The script automatically feeds questions into the model, collects answers, and generates an assessment report.
- analysis
Once the assessment is complete, the results are saved in theresults/
folder in the format of a CSV or JSON file. The report contains accuracy, error analysis and performance statistics of the model in different physical domains (e.g. mechanics, electromagnetism). Users can use thevisualize.py
Scripts to generate visual charts:python visualize.py --results results/eval_report.csv
Charts include bar charts and line graphs that show the differences in model performance across domains.

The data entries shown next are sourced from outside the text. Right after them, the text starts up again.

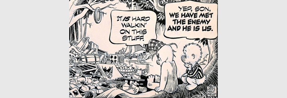 Pogo said it first: “We have met the enemy and he is us.” Nine words. Eight of them with only one syllable. The panel above showed up on the first Earth Day.
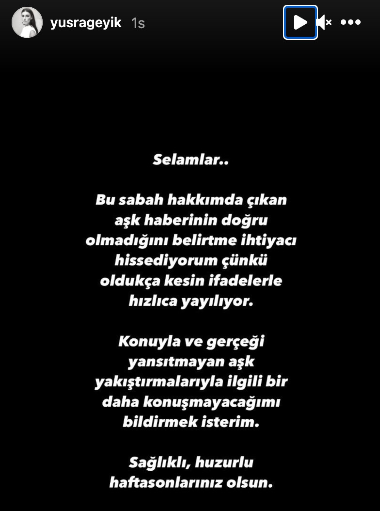 Oyuncu Yüsra Geyik haklarında çıkan haberlerle ilgili bir açıklama yaptı. İnstagram hesabından bir not paylaşan Yüsra Geyik "Aşk haberinin doğru olmadığını belirtme ihtiyacı hissediyorum" ifadelerini kullandı. Yüsra Geyik, "Selamlar… Bu sabah hakkımda çıkan Aşk haberinin doğru olmadığını belirtme ihtiyacı hissediyorum çünkü oldukça kesin ifadelerle hızlıca yayılıyor. Konuyla ve gerçeği yansıtmayan aşk yakıştırmalarıyla ilgili bir daha konuşmayacağımı bildirmek isterim. Sağlıklı huzurlu hafta sonlarınız olsun" paylaşımında bulundu. Güzel oyuncu Yüsra Geyik'in Rıza Kocaoğlu'nun çektiği bir fotoğrafı paylaşması da iddiaları güçlendirmişti. Fakat Yüsra Geyik son yaptığı sosyal medya paylaşımında Rıza Kocaoğlu ile ilişkisini net bir şekilde yalanladı.
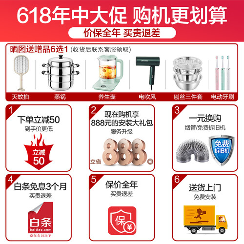 新型回式漩吸,不仅实用,而且十分结实,持久耐用。强劲大吸力,轻松应对烹饪高峰,不再担心油烟倒灌,快速吸排。
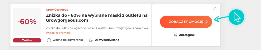Wybierz konkretny rabat Grow Gorgeous na naszej stronie i kliknij przycisk "Zobacz promocje". Zostaniesz automatycznie przekierowany bezpośrednio do oferty specjalnej w sklepie internetowym Growgorgeous.com, w którym możesz kupić produkt ze zniżką.
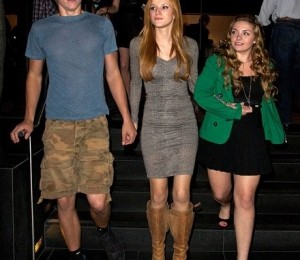 Tanara actrita se pare ca isi doreste cu ardoare sa para mai matura decat este si a imbracat o rochie gri, foarte mulata, care ii sublinia silueta slaba. A purtat rochia cu o pereche de cizme maro pana la genunchi, iar machiajul si coafura erau impecabile, demne de o diva, dar total inutile.
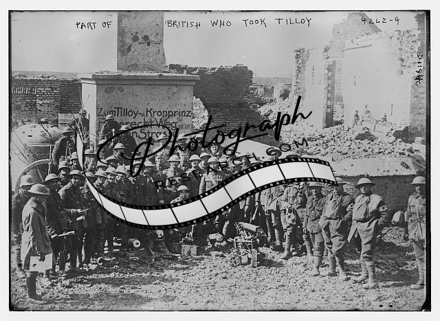 British who took Tilloy-lès-Mofflaines,soldiers,group,ruins,rubble,troops,France
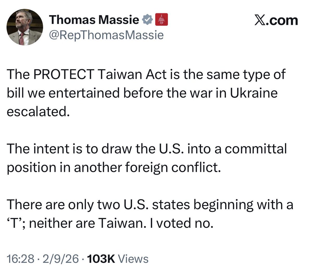 昨天眾議院壓倒性多數通過《保護台灣法案》。在愛潑斯坦案引人注目的共和黨籍眾議員馬西是兩位投反對票的議員。馬西專門發貼文強調兩個理由:1)這不符美國優先,為他國打仗。2)支持台灣如同支持烏克蘭,沒有必要。
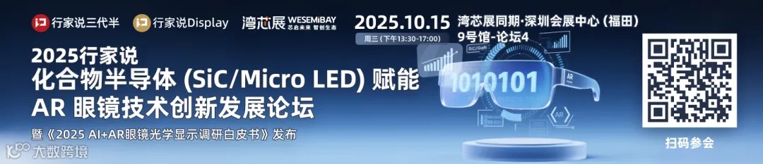 在此背景下,行家说将于10月15日在深圳举办“化合物半导体(SiC/Micro LED)赋能AR眼镜技术创新发展论坛”。本次大会将汇集AR眼镜行业专家与产业链代表,聚焦SiC光波导与Micro LED微显示器的技术瓶颈与市场前景,助推AR眼镜产业链协同创新。
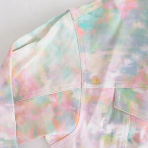 For Love & Lemons Delphine Tie-Dye Print Cropped Denim Button Up Jacket L NWT
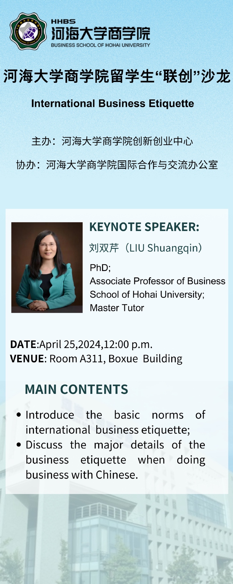 通知|留学生“联创”沙龙2024年第一期——商务礼仪知识分享
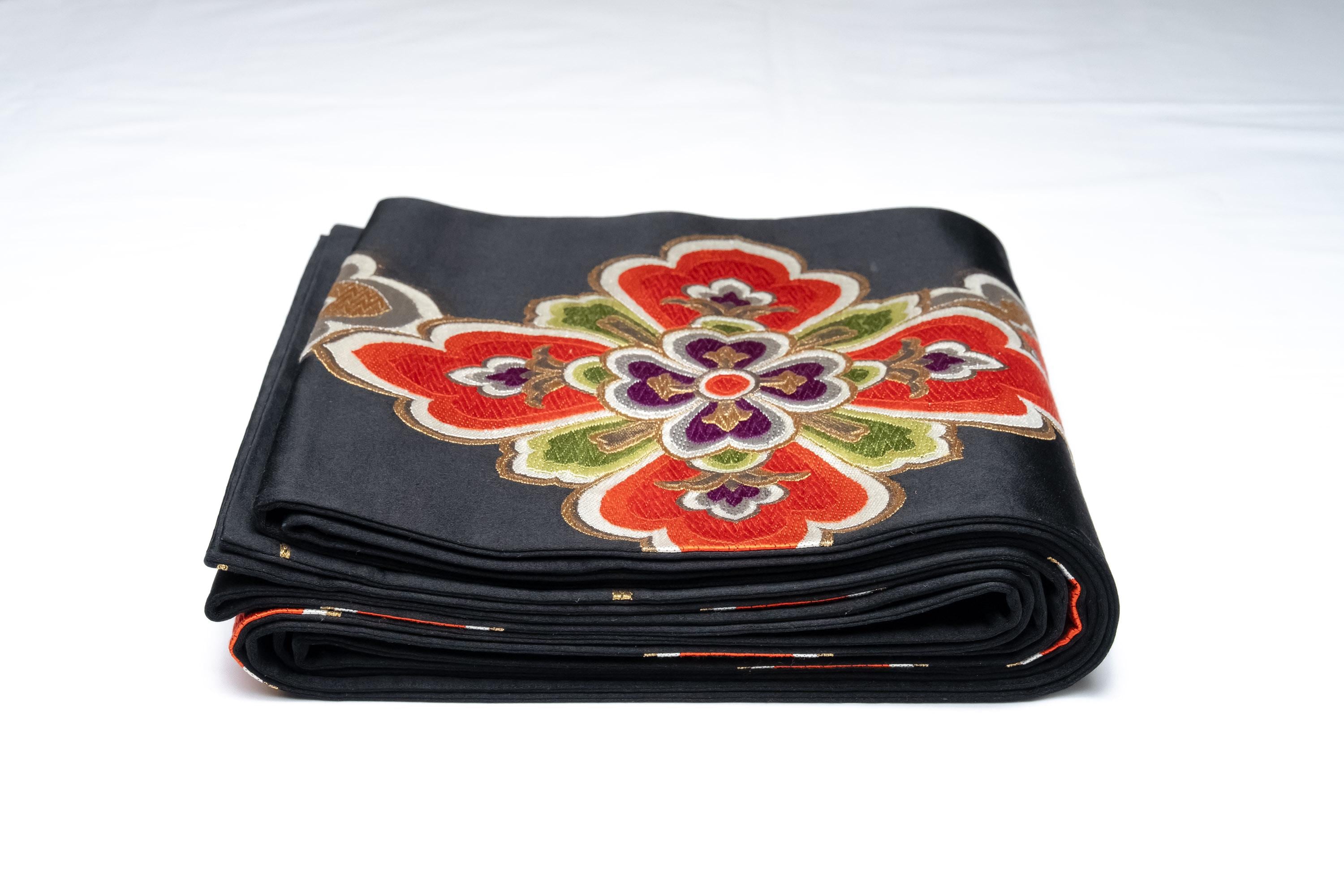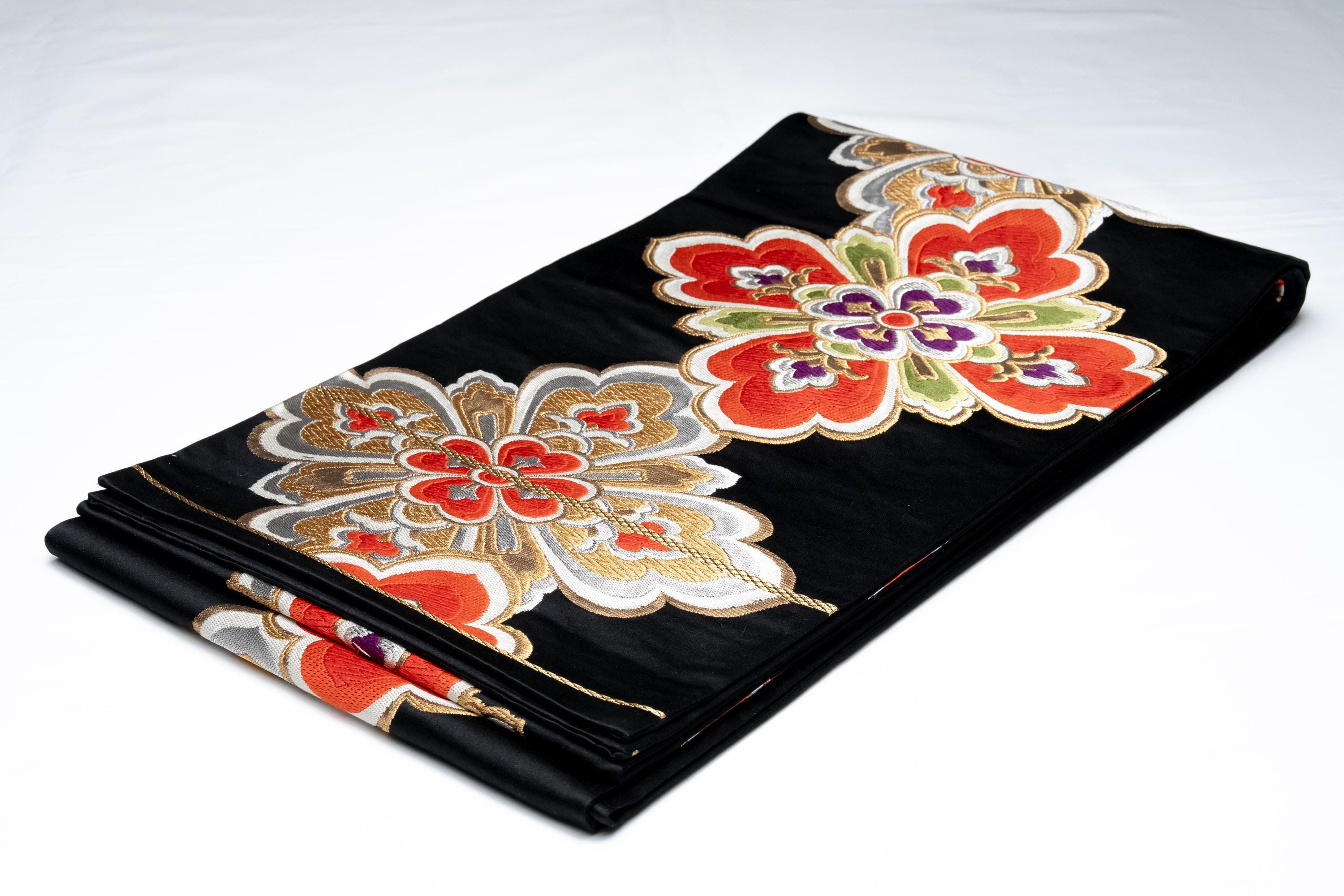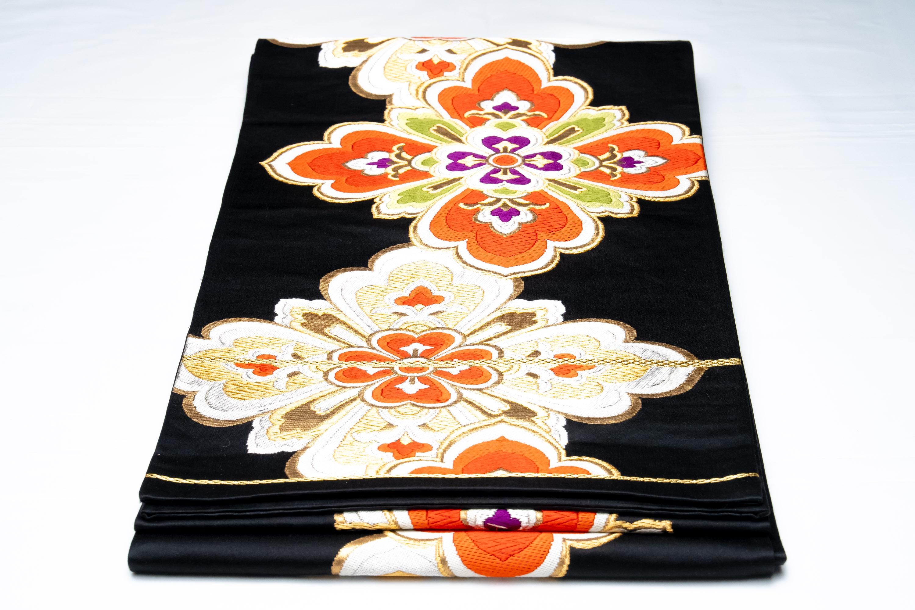 Fukuro Obi is a full-size sash belt that wraps around the torso in women's formal Kimono wearing. It is wider, longer and heavier than other informal Obis and serves the purpose of keeping the Kimono front closed securely, drawing up excess fabric to adjust the length of Kimono, and decorative expressions.

Featured Function Operation
- Testing of multimodal problems
Problems in the dataset combine text, formulas, and images. For example, a mechanics problem may contain a textual description of an object's motion, a force diagram, and a velocity-time graph. Users can use thepreprocess.py
The script preprocesses these inputs to ensure that the model can parse them correctly:python preprocess.py --input data/sample_problem.json
The preprocessed data is converted into a format recognizable by the model, such as JSON or embedded vectors.
- Custom extensions
Users can add new questions to the dataset. The question format needs to follow the JSON template in the project documentation, containingquestion
(Problem description),image
(image path),answer
(correct answer) and other fields. After adding them, runvalidate_data.py
Validate the data format:python validate_data.py --input data/new_problem.json
- comparative analysis
The project supports testing multiple models at the same time. Users can test multiple models at the same time in theevaluate.py
Specify multiple model names in the script, and the script generates a comparison report showing the differences in the performance of different models on the same problem.
caveat
- Ensure that you have enough storage space locally (datasets can be large, at least 10GB is recommended).
- GPU support may be required for model inference when running evaluations, and NVIDIA GPU-equipped devices are recommended.
- If using a cloud API (such as GPT-4o), make sure the network is stable and configure the correct API key.
application scenario
- academic research
Researchers can use PhysUniBenchmark to test the performance of multimodal macromodels in physical reasoning tasks, analyze model limitations, and provide data to support model improvement. - model development
Developers can use the dataset to optimize the training of multimodal models, especially when dealing with physics-related tasks, and to improve the visual and logical reasoning of the models. - Educational aids
Educators can use the dataset for instructional purposes, to generate test sets of physics problems, to help students understand complex concepts, or to evaluate the performance of AI teaching tools.
QA
- What physics domains are supported by PhysUniBenchmark?
The dataset covers the undergraduate level physics subjects of mechanics, electromagnetism, optics, thermodynamics, and quantum mechanics, and contains a variety of question types. - How do I add a custom question?
Create a question file following the JSON template in the project documentation, containing text, images and answers, and then run thevalidate_data.py
Validate the format. - What hardware support is required?
GPU-equipped devices are recommended to accelerate model inference; CPUs can also run but are slower. At least 16GB of RAM and 10GB of storage. - Are open source models supported?
Supports any multimodal model, such as LLaVA, CLIP, etc. The environment needs to be configured according to the model requirements.